Abraham, como un padre desolado, ha visto a sus propios hijos arrancarse los ojos sin tregua, cegados por el atávico "ojo por ojo".

El fanatismo provocador e irresponsable de unos y la prepotencia inmisericorde de otros ante poblaciones civiles "carne de cañón" han difundido a través de los medios una imagen decepcionante del ser humano a los ojos de las nuevas generaciones.

Que no vengan con argumentos geopolíticos, religiosos, históricos, para justificar lo que es sólo odio irracional, odio disfrazado de discurso, pero odio al fin. Al ver este "espectáculo pirotécnico" en la franja de Gaza y en la frontera de Israel es para no creer que pueda haber un Dios al fondo del corazón de estos militares y milicianos en guerra. ¿Acaso el Dios de Abraham no es un Dios de amor? ¿De qué Dios, entonces, estamos hablando? ¿Es que hay un Dios que permite que un suicida reviente con kilos de carga explosiva atada a su propio cuerpo para matar a otros en lugares públicos, sólo porque son otros? ¿Es que a Dios le gustan los muros segregadores, que separan territorios y condenan a poblaciones enteras a la humillación y la miseria? ¿Es que Dios está en la boca del líder de Hamas que promete una venganza devastadora, en la que morirán más inocentes? ¿Es que Dios está en la conciencia del general israelí que ordena bombardear una escuela y blancos donde se sabe que hay niños?

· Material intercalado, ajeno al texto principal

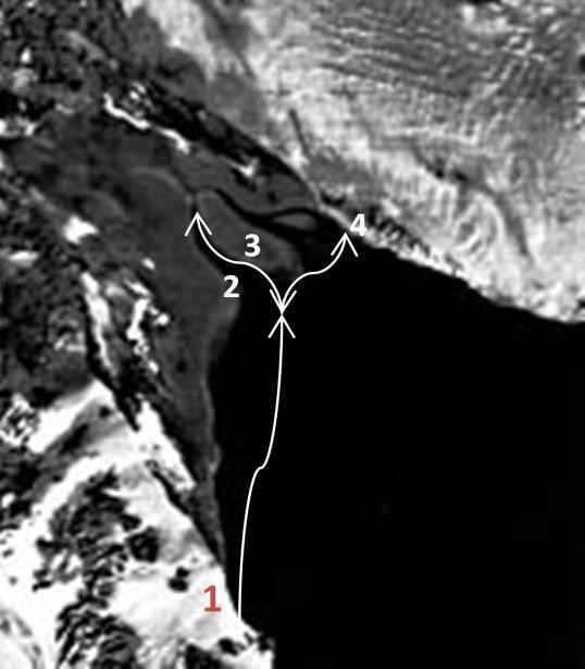 Bocas del Río Colorado. La flecha indica la ruta de las canoas.
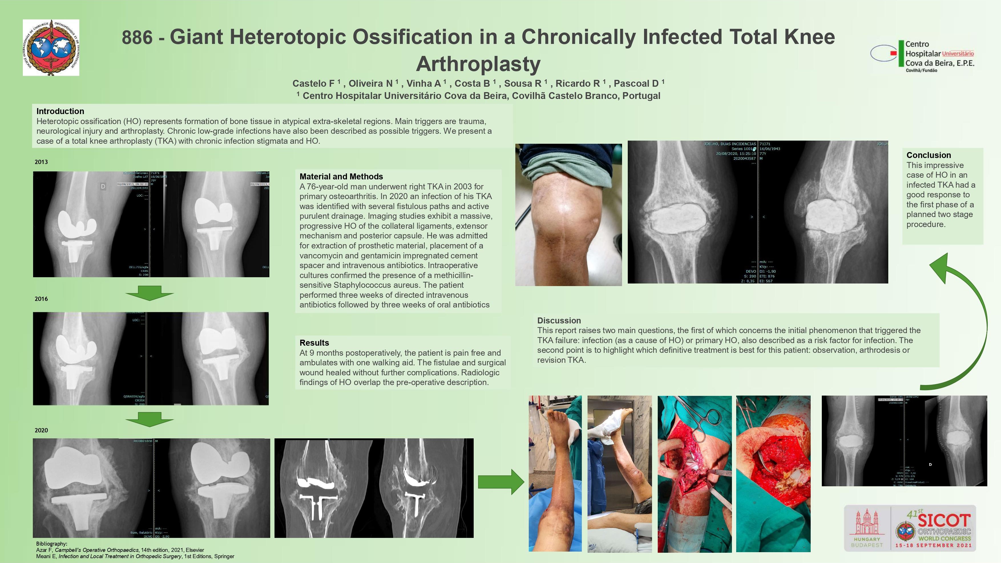 Heterotopic ossification (HO) represents formation of bone tissue in atypical extra-skeletal regions. Main triggers are trauma, neurological injury and arthroplasty. Chronic low-grade infections have also been described as possible triggers. We present a case of a total knee arthroplasty (TKA) with chronic infection stigmata and HO. A 76-year-old man underwent right TKA in 2003 for primary osteoarthritis. In 2020 an infection of his TKA was identified with several fistulous paths and active purulent drainage. Imaging studies exhibit a massive, progressive HO of the collateral ligaments, extensor mechanism and posterior capsule. He was admitted for extraction of prosthetic material, placement of a vancomycin and gentamicin impregnated cement spacer and intravenous antibiotics. Intraoperative cultures confirmed the presence of a methicillin-sensitive Staphylococcus aureus. The patient performed three weeks of directed intravenous antibiotics followed by three weeks of oral antibiotics. At 9 months postoperatively, the patient is pain free and ambulates with one walking aid. The fistulae and surgical wound healed without further complications. Radiologic findings of HO overlap the pre-operative description. This report raises two main questions, the first of which concerns the initial phenomenon that triggered the TKA failure: infection (as a cause of HO) or primary HO, also described as a risk factor for infection. The second point is to highlight which definitive treatment is best for this patient: observation, arthrodesis or revision TKA. This impressive case of HO in an infected TKA had a good response to the first phase of a planned two stage procedure.

¡Por Dios! Esto no tiene nombre ni cara; esto es la muerte de Dios con todas sus letras, en territorios donde el hombre se encontró por primera vez con el Dios de los monoteísmos. Esto es el desierto que avanza.

Ni los dirigentes palestinos ni los israelíes tienen hoy la autoridad moral para poner fin a este conflicto.

Que renuncien, que reconozcan su estrechez mental y espiritual y que les den la palabra a los anónimos de sus propios pueblos, esos que han sufrido la guerra en sus calles y casas y no detrás de esos juegos de videogame en los que han terminado por convertirse las guerras "posmodernas".

Debe haber muchos, en Israel y Palestina, dispuestos a sentarse en círculo -como lo hacían sus antepasados nómades- para hacer un gesto de grandeza común, que es mucho más que un puro acuerdo de escritorio entre políticos.

Que "acuerden" de verdad: acuerdo viene de "cor", corazón.Y es una palabra emparentada con "recordar": recordar el latido de una sangre común.

Porque al fondo de cada niño asesinado en Gaza es Abraham el que gime, el patriarca que caminó en dirección contraria al exilio y la desesperanza, es el que pierde la esperanza en su propia tierra, que debe demostrar grandeza para volver a llamarse "prometida".